Inside, temporary branded graphics furthered the wayfinding effort. All along the way, familiar explanatory messages like “Pardon our Mess” and “Coming Soon” were paired with architect’s renderings that gave advanced glimpses of the new facility. This intentional approach not only guided patients and visitors but also gave them a sense of involvement in the process, emphasizing the promise of progress rather than inconvenience. What could have felt like frustration instead became a reassuring, purposeful experience.
This is what it looks like when planning turns into empathy, which translates into patient confidence.
Managing complexity before it manages you
Healthcare signage projects are intricate by nature. Architects, contractors, electricians, signage vendors, and administrators all move on different schedules. A single misstep like an approval delay or a color change can throw off an entire installation.
The hospitals that avoid those pitfalls share one trait: they start with clarity. Every successful project begins with a shared understanding of scope, budget, and timeline, and a single project lead who connects every trade and decision-maker. That structure keeps communication flowing, expectations clear, and surprises to a minimum.
Technology that connects the dots
Technology has quietly transformed how hospitals coordinate complex projects. Tools like SignAgent let stakeholders log in, view drawings, and make live edits to sign types or copy. Real-time updates replace endless email threads and version confusion. Approvals that once took weeks now happen in days.
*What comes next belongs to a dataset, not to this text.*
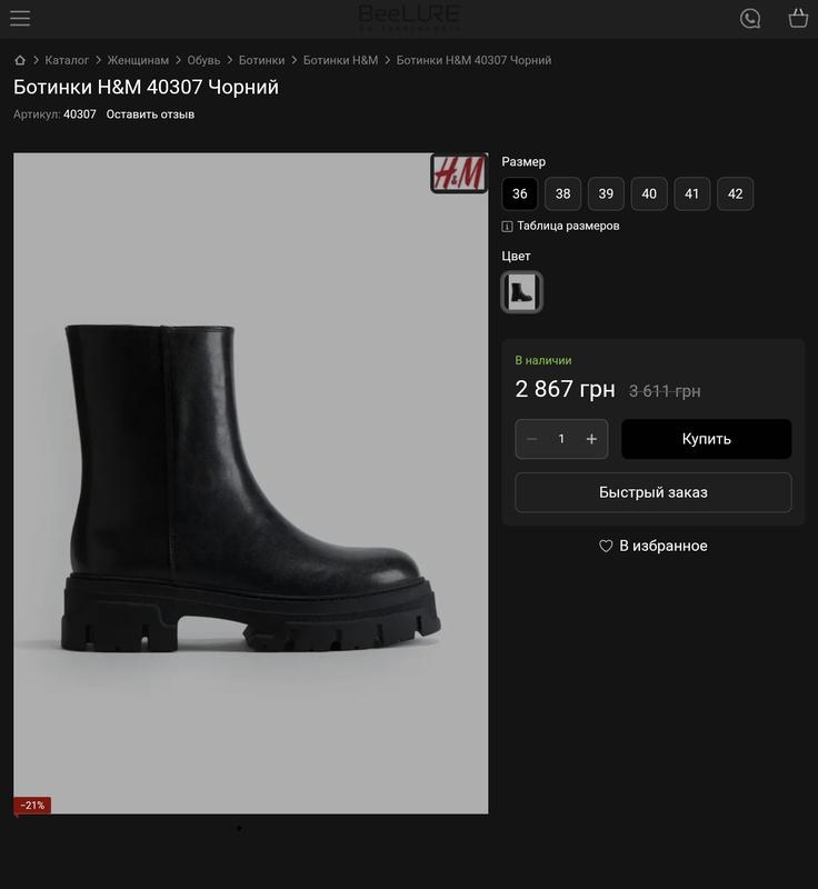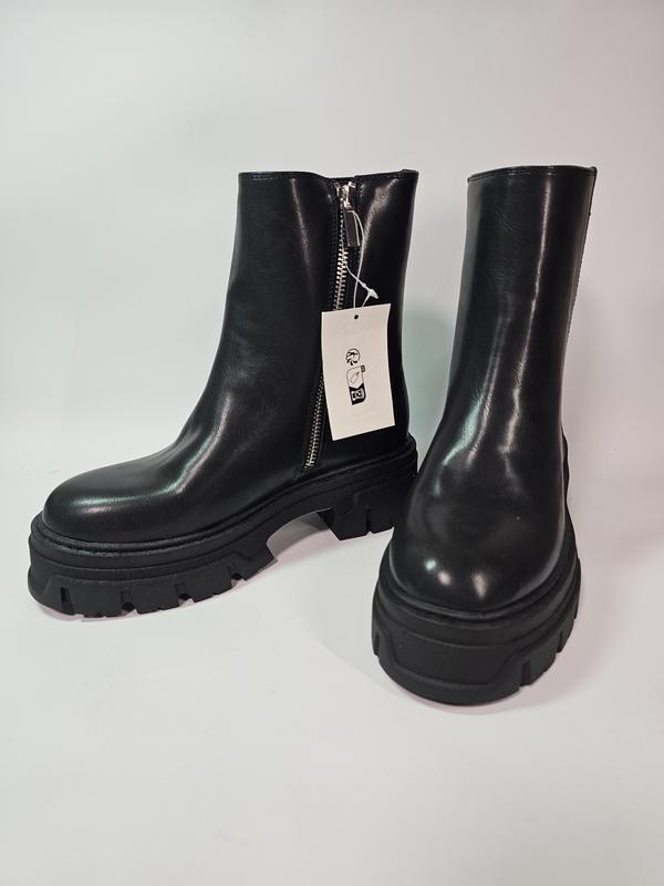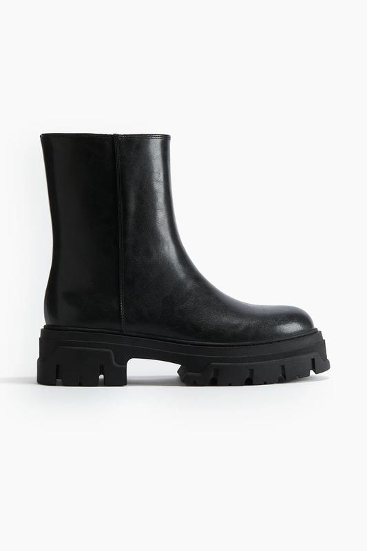 Ботинки женские H&M Chunky ankle boots Состояние — идеальное Размер 36 указан на изделии Ботинки из ткани с полиуритановым покрытием, с закругленными носами и молнией с одной стороны. Подкладка и стелька из джерси, толстая подошва с рисунком снизу. Стелька 23,5 см

And when paired with platforms like Teams and Zoom, project meetings no longer require cross-state travel. Designers, contractors, and administrators can collaborate virtually with the same visibility as being on-site. The result: faster decisions, fewer errors, and smoother fabrication timelines.
One regional health system recently used these digital tools to manage a multi-phase renovation. With every approval, spec, and location tracked in one place, they finished ahead of schedule, without a single reprint or field correction.
What success feels like
After a well-run project, hospital teams often describe the same things: efficiency, responsiveness, control. They value having a dedicated project team that communicates clearly and anticipates what’s next. They feel guided through the process.
As one client shared, “It was the first time we felt fully in control. Everything just worked.”
That kind of confidence doesn’t happen by chance. It’s built through planning, trust, and partnership. And when patients feel calm, visitors feel cared for, and staff can focus on what matters most. And that creates a smoother journey for everyone.